In 1984, amidst a rising tide of executions in the United States, Dr. Kevorkian began to explore the concept of offering death row inmates an alternative. His proposal involved allowing prisoners to donate their organs and undergo anesthesia as a means of execution, instead of methods like poison gas or the electric chair. This initiative led to an invitation to brief members of the California Legislature, who were considering a bill on this matter.
This experience proved to be a pivotal moment for Dr. Kevorkian. Fueled by the attention from both lawmakers and the media, he actively engaged in the burgeoning national conversation surrounding dying with dignity. In 1987, he traveled to the Netherlands to study the practices of Dutch physicians who were assisting terminally ill patients with suicide without facing legal repercussions. He sought to understand how these end-of-life services were being provided within a legally ambiguous space.
Returning to Michigan in 1988, Dr. Kevorkian initiated a new medical practice advertised in Detroit newspapers. He termed it “bioethics and obiatry,” offering “death counseling” to patients and their families. He openly communicated his intentions to reporters, emphasizing that his services were free of charge, with him personally covering all euthanasia-related expenses. He demonstrated to journalists a simple apparatus he had created: a metal frame designed to hold vials of drugs – thiopental, a sedative, and potassium chloride, to induce cardiac arrest – enabling patients to administer life-ending medication themselves.
The First “Medicide”
Dr. Kevorkian also articulated the “doctrine” he had formulated. This doctrine served a dual purpose: to ensure patient comfort and to shield himself from potential criminal prosecution for his end of life service. His protocol mandated that patients unequivocally express their desire to die. Consultations with family physicians and mental health professionals were required. Patients were given a minimum of one month to deliberate their decision, allowing for reconsideration. Dr. Kevorkian meticulously documented the process, videotaping interviews with patients, their families, and friends. He also recorded the suicides themselves, which he referred to as medicides.
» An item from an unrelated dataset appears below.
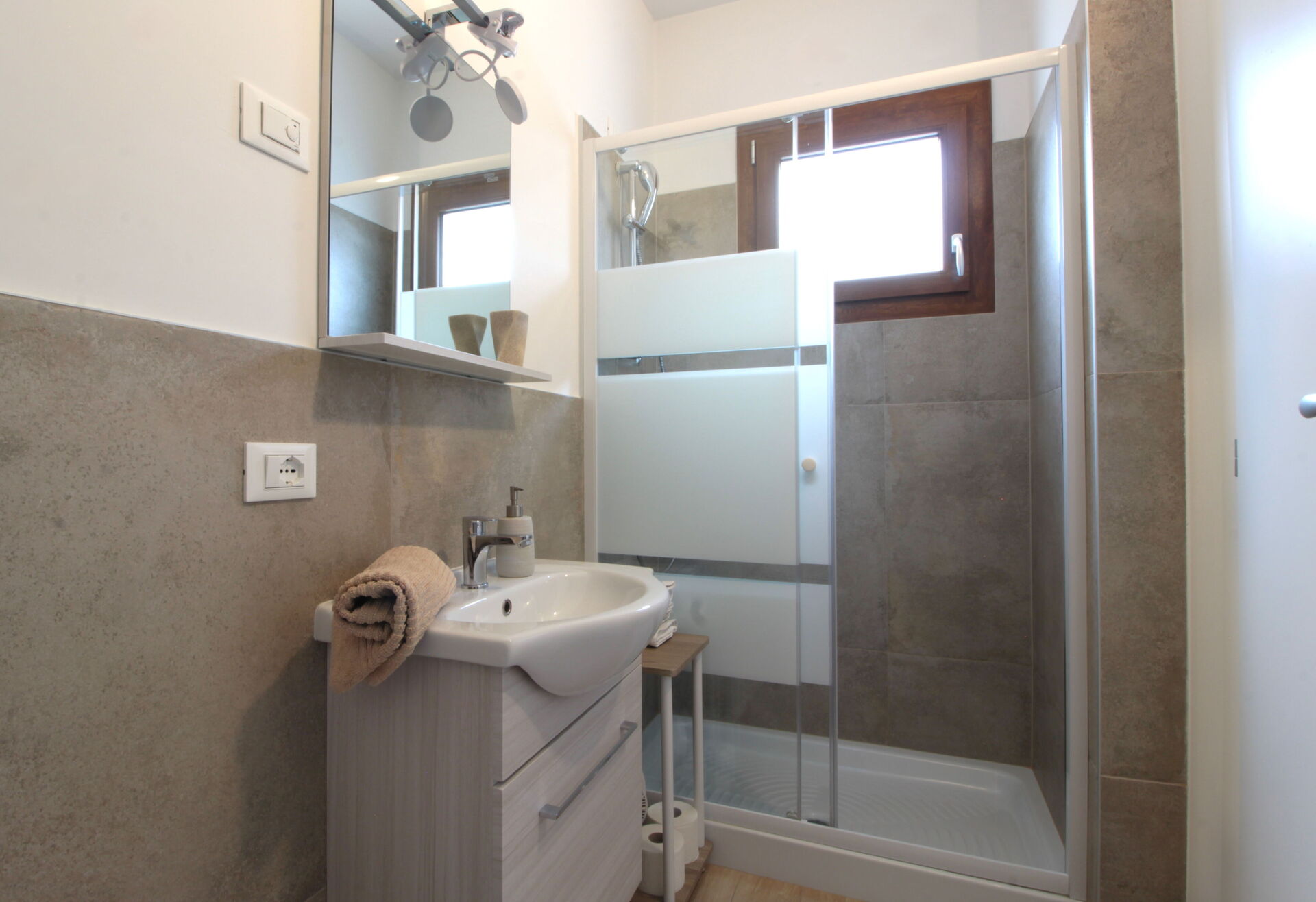 A spacious 30 sqm furnished terrace, exclusively for guests, is equipped with a dining table and is perfect for enjoying dinner under the stars with a glass of Prosecco.

On June 4, 1990, Janet Adkins, an Oregon teacher diagnosed with Alzheimer’s disease, became the first individual to seek Dr. Kevorkian’s assistance. Mrs. Adkins’s life concluded in Dr. Kevorkian’s 1968 Volkswagen van, parked at a campground near his residence. This marked the beginning of Dr. Kevorkian’s highly controversial and legally fraught journey providing end of life service, ultimately leading to his prosecution and sparking intense debate around assisted suicide and the right to die.